Cross-Reflection

Summary:  Cross-reflection uses different agents or foundation models to provide feedback and refine the generated plan and corresponding reasoning procedure.

Context: The agent generates a plan to achieve users’ goals, while the quality of this devised plan should be assessed.

Problem: When an agent has limited capability and cannot conduct reflection with satisfying performance, how to evaluate the output and reasoning steps of this agent?

Forces:

  • Reasoning uncertainty. The inconsistencies and errors in the agent’s reasoning process may reduce response accuracy and affect the overall trustworthiness.
  • Lack of explainability. The trustworthiness of the agent can be disturbed by the issue of transparency and explainability of how the plan is generated.
  • Limited capability. An agent may not be able to perform reflection well due to its limited capability and the complexity of self-reflection.

Solution: Fig. 1 includes a high-level graphical representation of cross-reflection. If an agent cannot generate accurate results or precise planning steps via reflecting its outputs, users can prompt the agent to query another agent which is specialised in reflection. The latter agent can review and evaluate the outputs and relevant reasoning steps of the original agent, and provide refinement suggestions. This process can be iterative until the reflective agent confirms the plan. In addition, multiple agents can be queried for reflection to generate comprehensive responses.

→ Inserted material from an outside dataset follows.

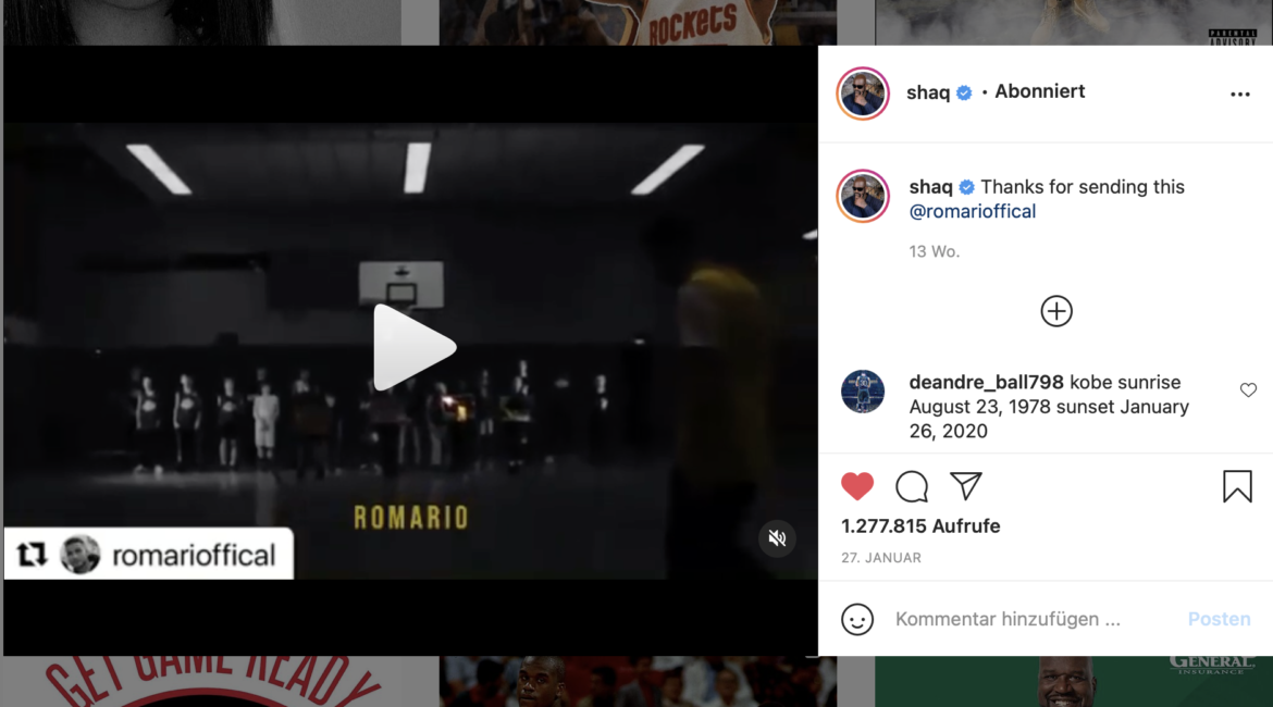 Aus diesem Anlass wollten ein Tribute Video über Kobe Bryant drehen. Wir luden Deutschlands bekanntesten Streetballer und Dribbelkünstler dafür ein. Romario (IG Account = romariofficial und seinen Kameramann Thomy nach Hamburg ein. Rausgekommen ist eine sehr schöne Erinnerung an Kobe und Gigi. Das Video wurde ca. 380.000 mal auf Romarios Account aufgerufen. Dann postete es Kobes alter Mitspieler Shaquille O´Neal (@shaq) auf seinem Instagram Account. Dort wurde es 1,2 Millionen mal angesehen. Scottie Pippen, Dwight Howard, Shawn Marion, Kenyon Martin und weitere NBA Spieler aber auch Hollywood Stars wie Jennifer Lopez, Jessica Alba und der Fußball Star Ronaldinho haben sich in der Kommentarleiste verewigt.

Figure 1. Plan reflection pattern.

Benefits:

  • Reasoning certainty. The agent’s outputs and respective methodology are assessed and refined by other agents to ensure the reasoning certainty and response accuracy.
  • Explainability. Multiple agents can be employed to review the reasoning process of the original agent, providing thorough explanations to the user.
  • Inclusiveness. The reflective feedback includes different reasoning outputs when multiple agents are queried, which can help formalise a comprehensive refinement suggestion.
  • Scalability. Cross-reflection supports scalable agent-based systems as the reflective agents can be flexibly updated without disrupting the system operation.

Drawbacks:

  • Reasoning uncertainty. The overall response quality and reliability are dependent on the performance of other reflective agents.
  • Fairness preservation. When various agents participate in the reflection process, a critical issue would be how to preserve fairness among all the provided feedback.
  • Complex accountability. If the cross-reflection feedback causes serious or harmful results, the accountability process may be complex when multiple agents are employed.
  • Overhead. i) There will be communication overhead for the interactions between agents. ii) Users may need to pay for utilising the reflective agents.

Known uses:

  • XAgent. In XAgent, the tool agent can send feedback and reflection to the plan agent to indicate whether a task is completed, or pinpoint the refinements.
  • Yao et al. [1] explore agents’ capability of learning through communicating with each other. A thinker agent can provide suggestions to an actor agent, who is responsible for decision-making.
  • Qian et al. [2] develop a virtual software development company based on agents, where the tester agents can detect bugs and report to programmer agents.
  • Talebirad and Nadiri [3] analyse the inter-agent feedback which involves criticism of each other, which can
    help agents adapt their strategies.

Related patterns:

References:

[1] W. Yao, S. Heinecke, J. C. Niebles, Z. Liu, Y. Feng, L. Xue, R. Murthy, Z. Chen, J. Zhang, D. Arpit et al., “Retroformer: Retrospective large language agents with policy gradient optimization,” arXiv preprint arXiv:2308.02151, 2023.

[2] C. Qian, X. Cong, C. Yang, W. Chen, Y. Su, J. Xu, Z. Liu, and M. Sun, “Communicative agents for software development,” arXiv preprint arXiv:2307.07924, 2023.

[3] Y. Talebirad and A. Nadiri, “Multi-agent collaboration: Harnessing the power of intelligent llm agents,” arXiv preprint arXiv:2306.03314, 2023.